Technician’s Guide to Capnography

The measurement of end tidal CO2 (ETCO2) is currently the optimal method of non-invasively and continuously monitoring the adequacy of ventilation and circulation in veterinary patients. The ETCO2 monitor measures expired carbon dioxide. This measurement can be used to evaluate adequacy of ventilation, metabolic status and circulatory status. (Moens, 2010) This is different than the pulse oximeter which is used to measure hemoglobin and saturation with oxygen.

Capnography directly reflects the elimination of CO2 by the lungs to the anesthesia device. Indirectly, it reflects the production of CO2 by tissues and the circulatory transport of CO2 to the lungs. For example, an increased metabolism will increase the production of carbon dioxide increasing the ETCO2. A decrease in cardiac output will lower the delivery of carbon dioxide to the lungs decreasing the ETCO2 measurement. (Canning, 2007)

Under normal circumstances, ETCO2 reflects the partial pressure of CO2 in the alveoli of the lungs. It is important to note that ETCO2 is not the same as PaCO2, which measures the partial pressure of CO2 in the blood. However ETCO2 can give you a close approximation of PaCO2 as the difference in these numbers in a normal, healthy patient is between 2-6mmHg. (Digicare, 2009)

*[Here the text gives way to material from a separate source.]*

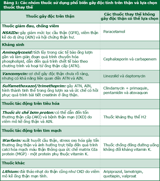 Bệnh nhân có BTM có thể nhạy cảm hơn với độc tính trên thận của thuốc. Thực tế, mỗi năm khoảng 18 - 20% bệnh nhân có BTM giai đoạn 3 - 5 được kê đơn ít nhất một thuốc có nguy cơ gây độc trên thận. Trong đó, ba nhóm thuốc phổ biến nhất bao gồm: thuốc chống viêm không steroid (NSAIDs), thuốc kháng virus và các dẫn chất bisphosphonat. Trong trường hợp lợi ích vượt trội nguy cơ, các thuốc gây độc tính trên thận có thể vẫn được chỉ định ở bệnh nhân có BTM. Tuy nhiên, nếu có thể, nhân viên y tế nên ưu tiên lựa chọn các thuốc khác thay thế không gây độc trên thận. Các nhóm thuốc thường sử dụng đã ghi nhận gây độc tính trên thận và các thuốc có khả năng thay thế không gây độc trên thận được liệt kê trong Bảng 1.

Normal ETCO2 values for canines and felines ranges from 35-45mmHg.  An increase in ETCO2 can indicate many things including hypoventilation, increased anesthetic depth, exhausted soda lime, airway obstruction, and hyperthermia. Increased ETCO2 can also be seen during laparoscopy due to absorption of CO2 (that is used to inflate the abdomen) from the peritoneum. A decrease in ETCO2 can be indicative of hyperventilation, an inadequate plane of anesthesia, hypothermia, or decreased cardiac output. Absent ETCO2 readings can indicate respiratory arrest, cardiac arrest, or technical problems such as an obstructed or dislodged endotracheal tube.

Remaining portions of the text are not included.